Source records

▬▬▬

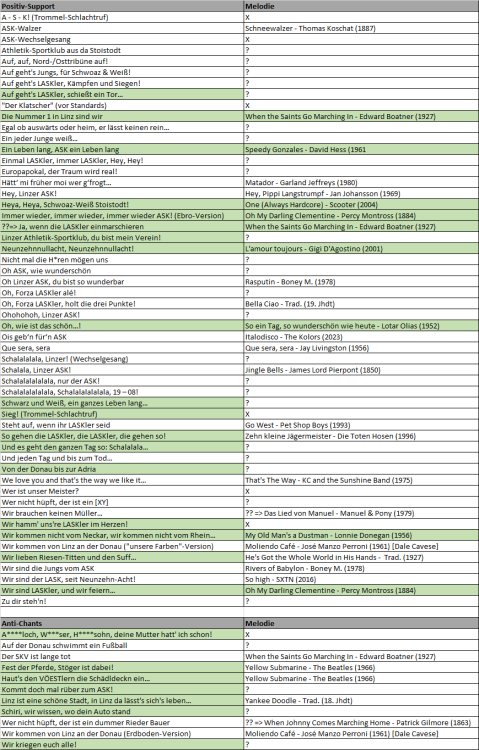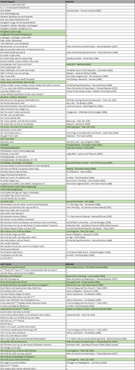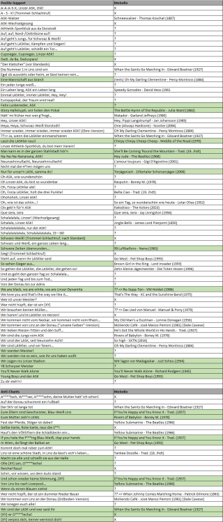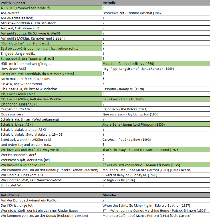 Schwarz-weiße ASB-Gemeinde! Wie vor einigen Tagen angekündigt, hat mich der Fund eines nett gestalteten Liederbuchs im LFC-Fanshop (FOTO) dazu inspiriert, mich in der ein oder anderen freien Stunde der Zusammenstellung des gesamten LASK-Liedguts zu widmen. Dazu bitte ich um eure Unterstützung - zum einen begann meine Stadionkarriere erst um das Jahr 2004, wodurch mir ältere Gassenhauer (z.B. "Dadi, Dada, da Duspara!") nicht geläufig sind. Zum anderen bin ich mir recht sicher, dass meine bisherige Erst-Zusammenstellung (siehe unten) auch in puncto aktuellerer Chants nicht vollständig ist. Was suche ich? JEGLICHE Fan-Gesänge, die ihr in der LASK-Kurve im Laufe eurer Fankarriere gehört/gesungen habt und die in der untenstehenden Auflistung noch fehlen. Gesucht werden: Titel gesamter Liedtext Original-Melodie ORIGINAL-MELODIEN. Von den 27 bisher gelisteten Chants konnte ich nur bei 11 (evtl. 12) die Originalmelodie identifizieren, die dem Fangesang zugrunde liegt. Bei manchen Chants mag es gar kein Original geben, aber wenn ihr zu einem der bereits aufgeführten Chants das Original kennt, immer her damit! Wohin mit eurem Input? Entweder hier in den Thread rein, oder... per PM an mich Was passiert damit? Aktuell ist das Ganze noch Work-in-progress. Aber im Grunde schwebt mir am Ende des Prozesses eine Umsetzung als nichtkommerzielles, hochwertiges Printprodukt vor (inkl. QR-Codes zu Audiobeispielen z.B.). Eventuell könnte man das Büchlein auch im Rahmen der sicher kommenden nächsten Charity-Aktion im Spätherbst 2024 unter die Leute bringen - aber zunächst muss mal der Content gesammelt werden Die aktuelle Liste (05.01.2024): (2x anklicken zum Vergrößern) ERGÄNZUNGEN IN GRÜN HINTERLEGT. Version 1.4 (02.01. 2023): Version 1.4 (31.12. 2023): Version 1.3 (31.12.2023): Version 1.2 (30.12.2023): Version 1.1 (30.12.2023): Version 1.0 (30.12.2023): Ich lege mein Vertrauen in die schwarz-weiße Schwarmintelligenz und bedanke mich für Eure Mithilfe! Guten Rutsch und bis demnächst im Stadion!3 likes
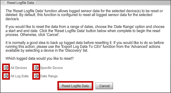 6. Once you have made your choices, select Reset Logfile Data to initiate the delete.
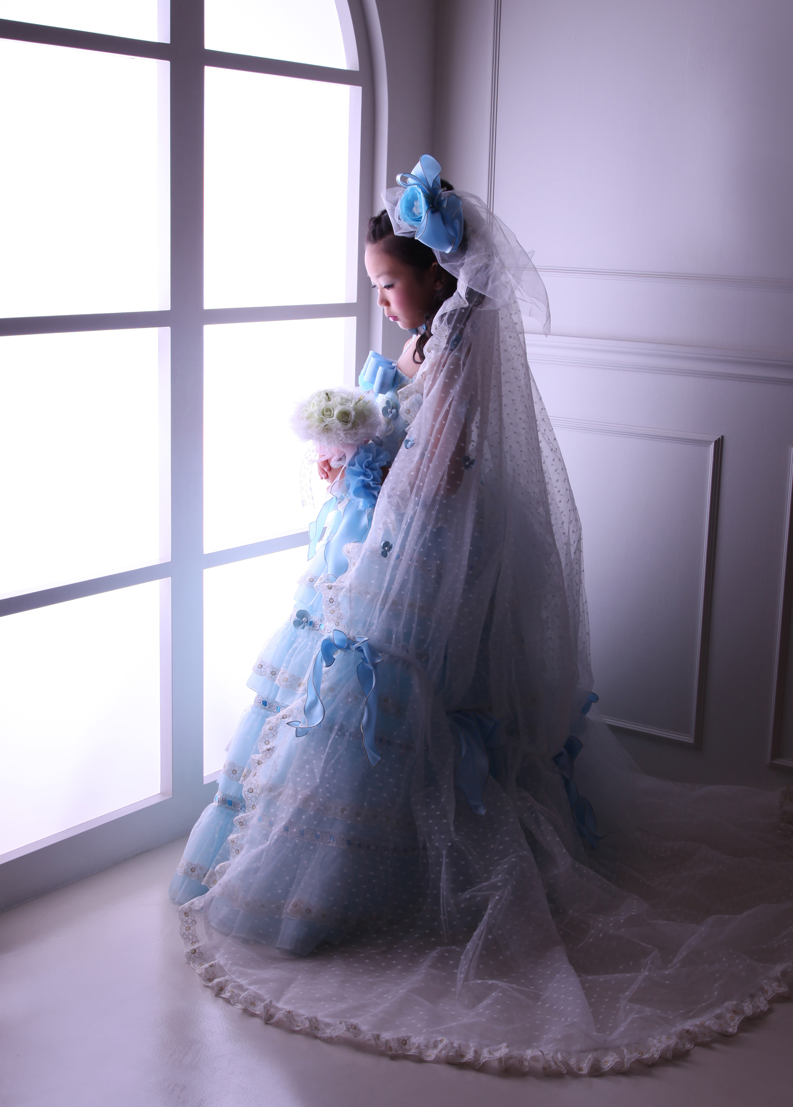 8歳になった今年はとても大人っぽい表情をみせてくれたので、窓の前でしっとりドレス姿で撮影しました。
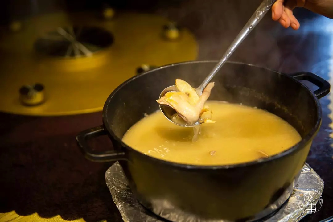 鸽子本是大补食材,烹煮鸽子汤的汤底也无需复杂,与浸泡乳鸽所用的白卤水相似,用的全是极简又常见的药材。待汤底在厨房煲开以后,与生鸽肉一同上桌,由你亲手将鸽肉放于汤锅中煮熟而食,吃的是鸽肉的原汁原味。
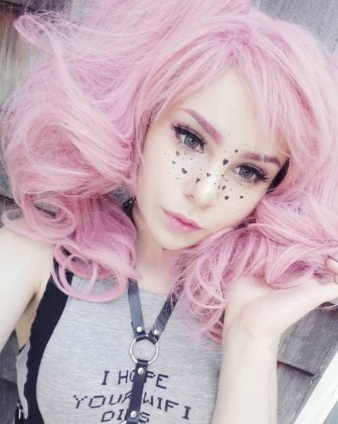 Даяна Кранк розовые волосы.
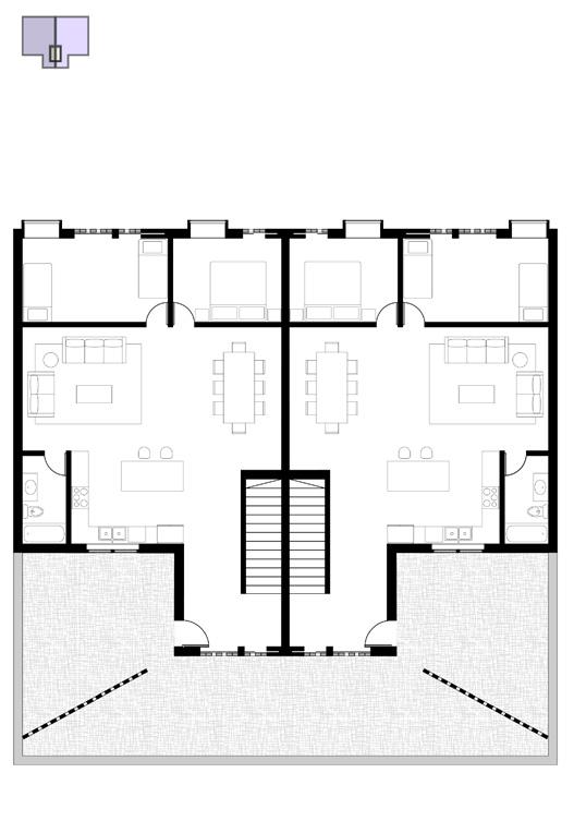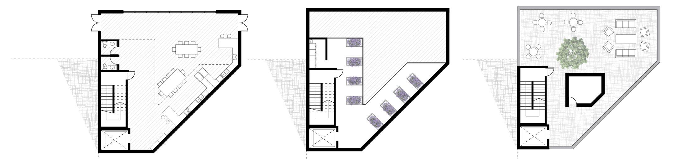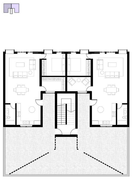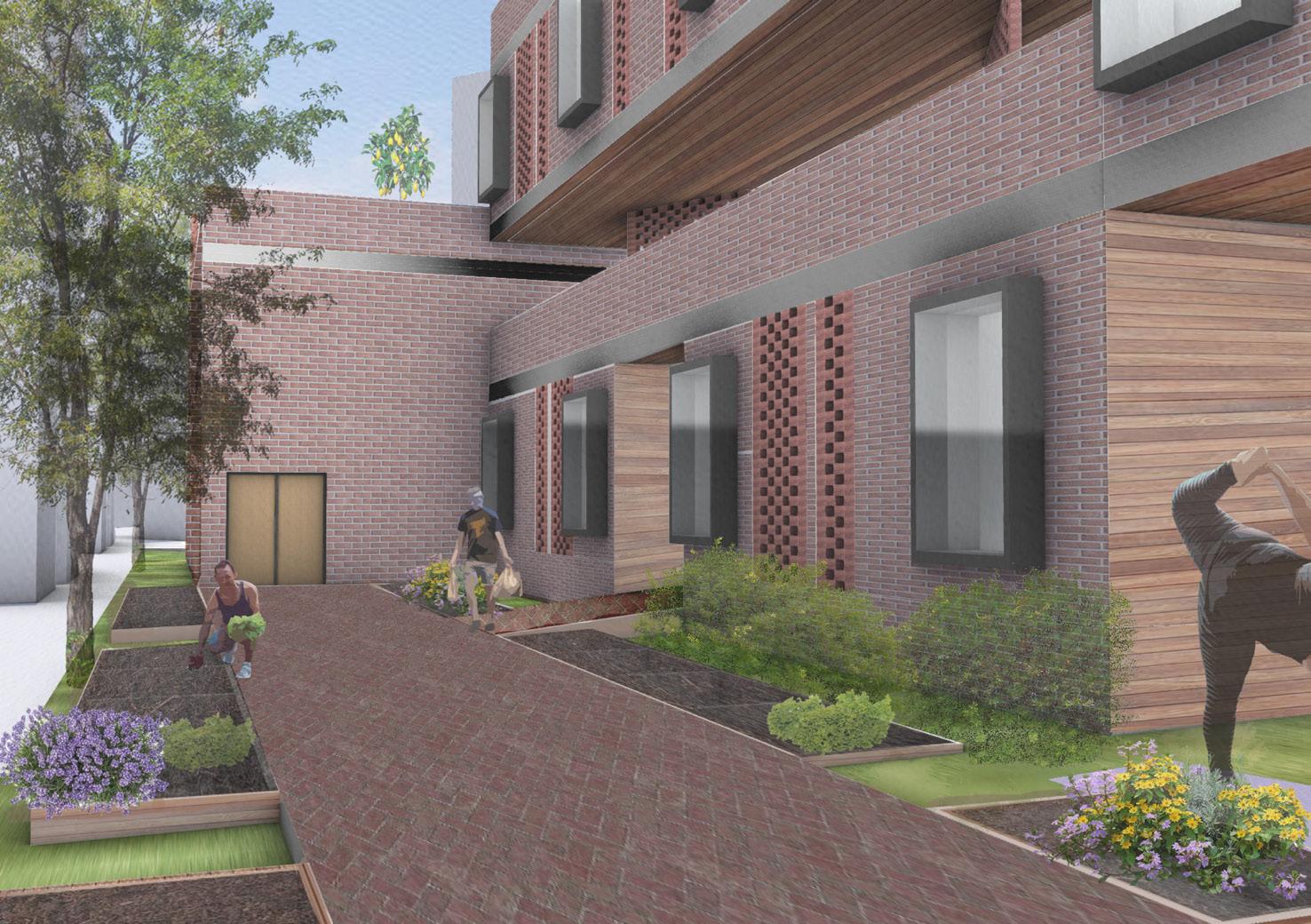 As shown above, there is a central walkway that aims to create a sense of shared space. Along the public walkway are individual garden beds, two per unit. This encourages a sense of agency in the community through gardening options. In the community center that is shown in the floor plans below, there are kitchen and gathering spaces that can be used for personal events, as well as an indoor growing lab that allows for a year-round community garden.
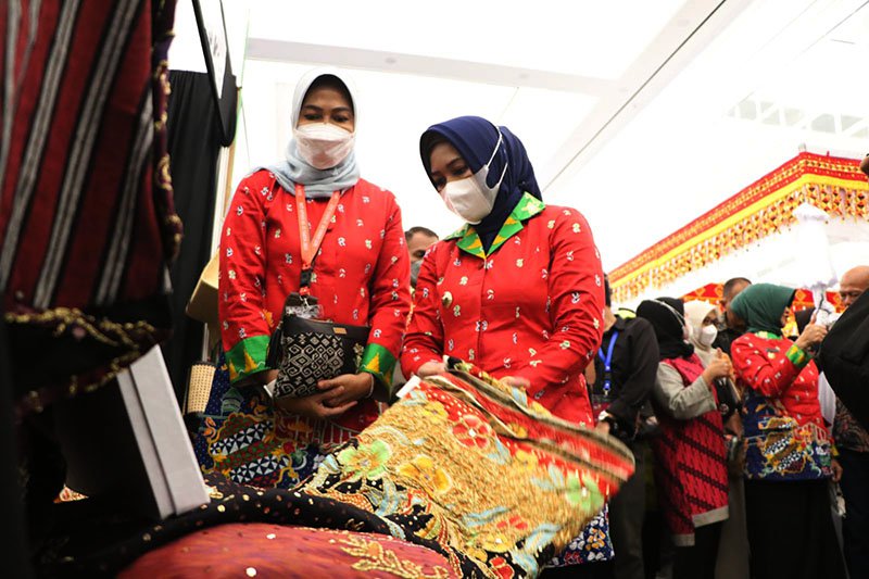 Wali Kota Mojoketo Ika Puspitasari saat melihat salah satu UMKM binaan Kota Mojokerto di acara APEKSI Lampung, Jumat 27 Mei 2022. Foto: Diskominfo Kota Mojokerto
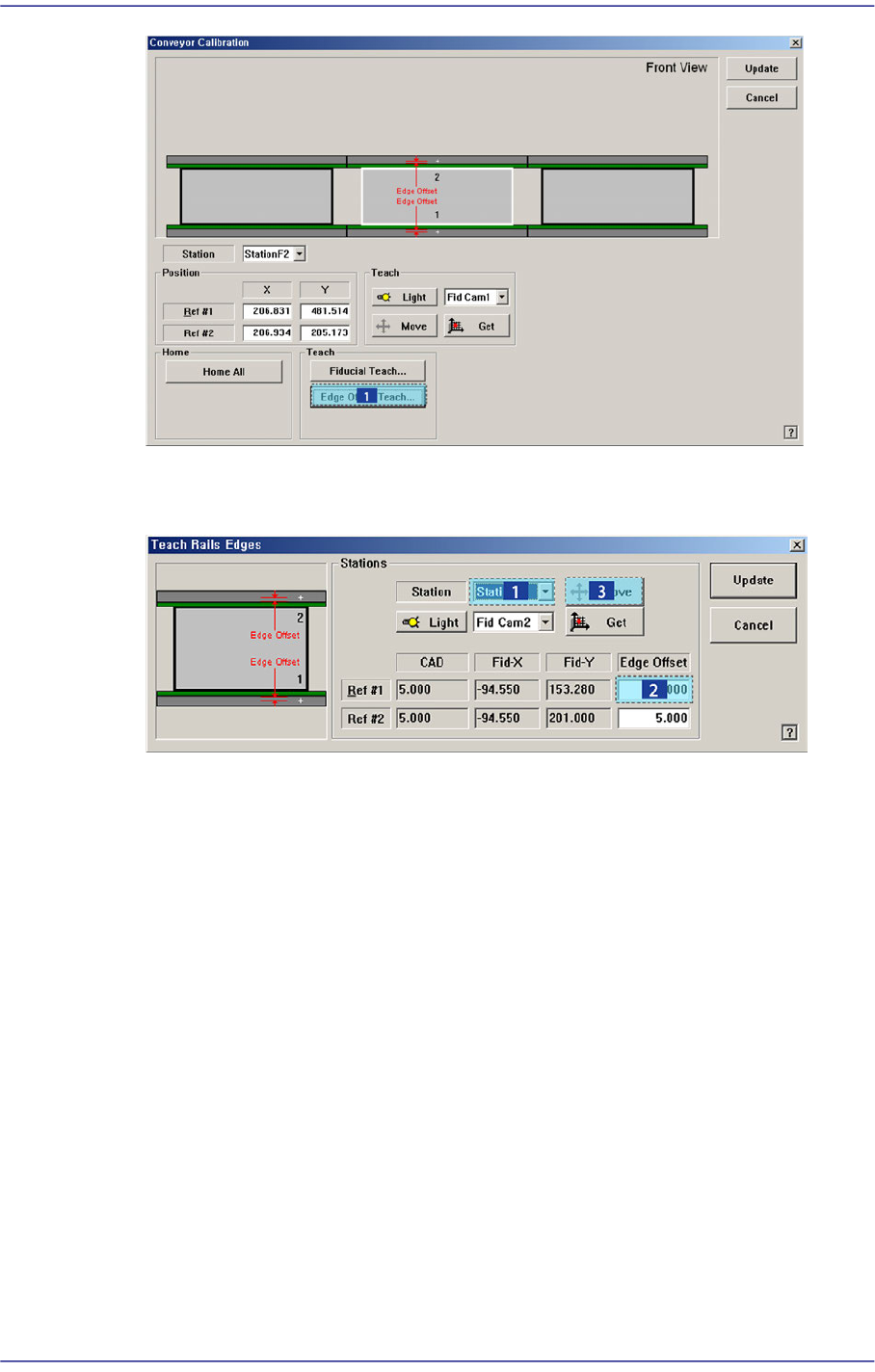 14-37 Machine Calibration 8. When matched, press the ‘Enter’ button in the teaching box. 9. Select the corre sponding <Edge Offset> e d it box in ‘Ref. #2’ and click the <M ove Cam> button . 10. Pe rform teac…
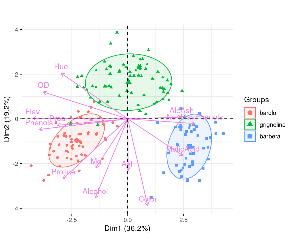 A biplot is a simultaneous representation of both the space of observations and the space of variables. In the case of a PCA biplot like Figure 7.32 the arrows represent the directions of the old variables as they project onto the plane defined by the first two new axes. Here the observations are just colored dots, the color has been chosen according to which type of wine is being plotted. We can interpret the variables’ directions with regards to the sample points, for instance the blue points are from the barbera group and show higher Malic Acid content than the other wines.
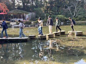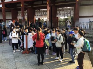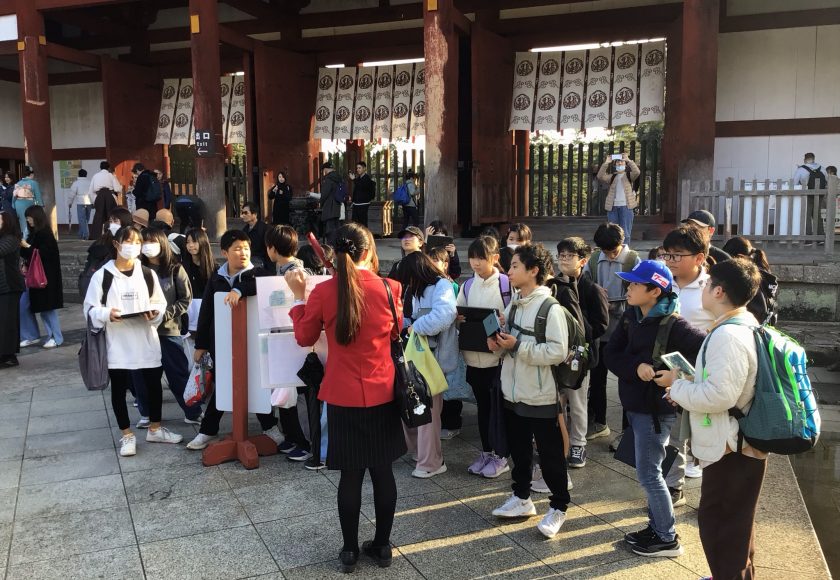 奈良公園での班別研修では、二月堂や三月堂、春日大社などを見学しました。鹿の数の多さに驚きつつも、お目当ての鹿を見つけてせんべいをあげました。鹿せんべいをもらおうと鹿がお辞儀をする様子がかわいかったそうです。
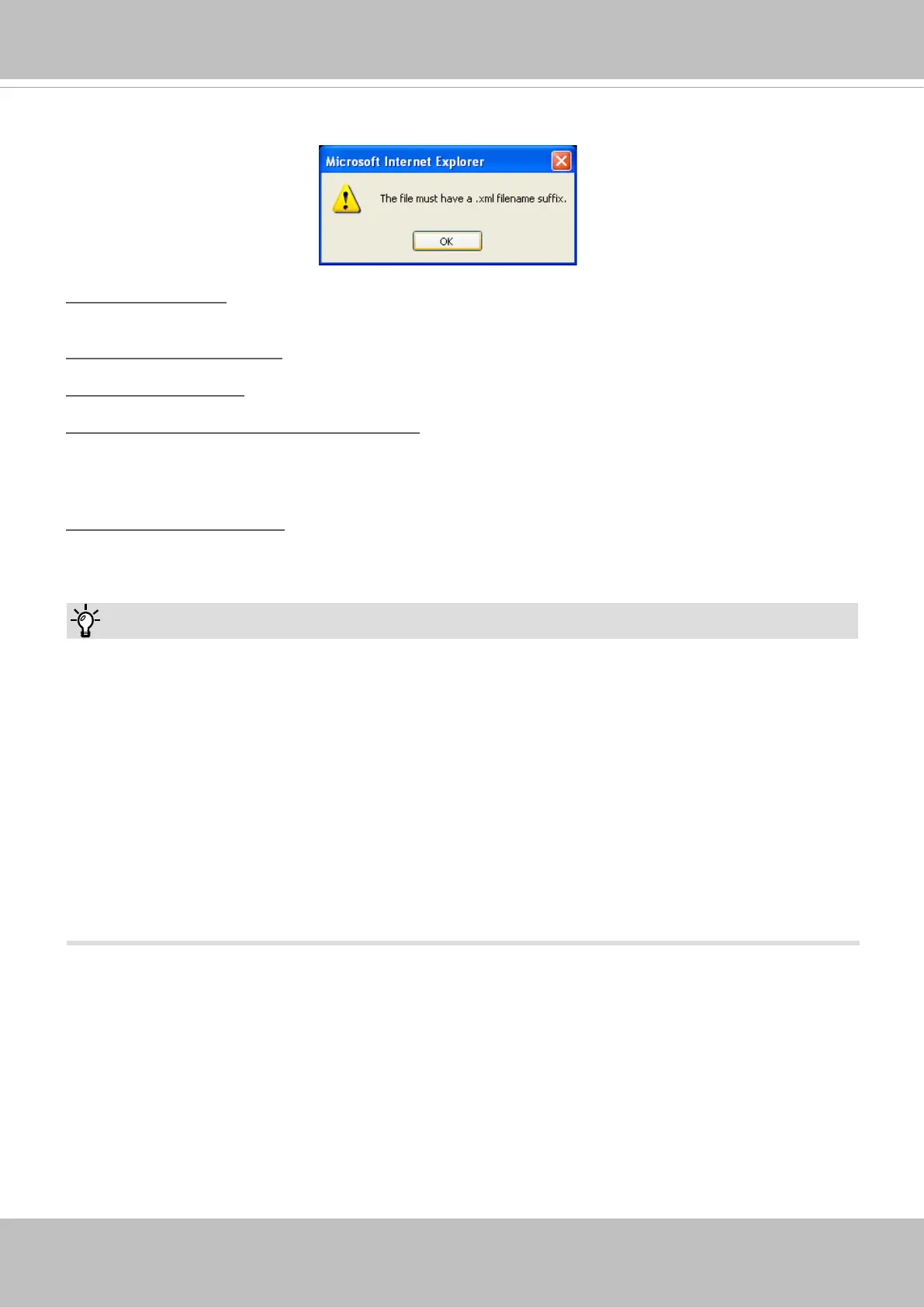 The following message is displayed when attempting to upload an incorrect le format.

▬▬▬

_What you need to do:_
Quote, word for word and nothing more, every line from the line with "14-37 Machine Calibration" to the end of the entries, including both ends; skip any pictures.

_Task response:_
 14-37 Machine Calibration 8. When matched, press the ‘Enter’ button in the teaching box. 9. Select the corre sponding <Edge Offset> e d it box in ‘Ref. #2’ and click the <M ove Cam> button . 10. Pe rform teac…
 A biplot is a simultaneous representation of both the space of observations and the space of variables. In the case of a PCA biplot like Figure 7.32 the arrows represent the directions of the old variables as they project onto the plane defined by the first two new axes. Here the observations are just colored dots, the color has been chosen according to which type of wine is being plotted. We can interpret the variables’ directions with regards to the sample points, for instance the blue points are from the barbera group and show higher Malic Acid content than the other wines.
 奈良公園での班別研修では、二月堂や三月堂、春日大社などを見学しました。鹿の数の多さに驚きつつも、お目当ての鹿を見つけてせんべいをあげました。鹿せんべいをもらおうと鹿がお辞儀をする様子がかわいかったそうです。
 The following message is displayed when attempting to upload an incorrect le format.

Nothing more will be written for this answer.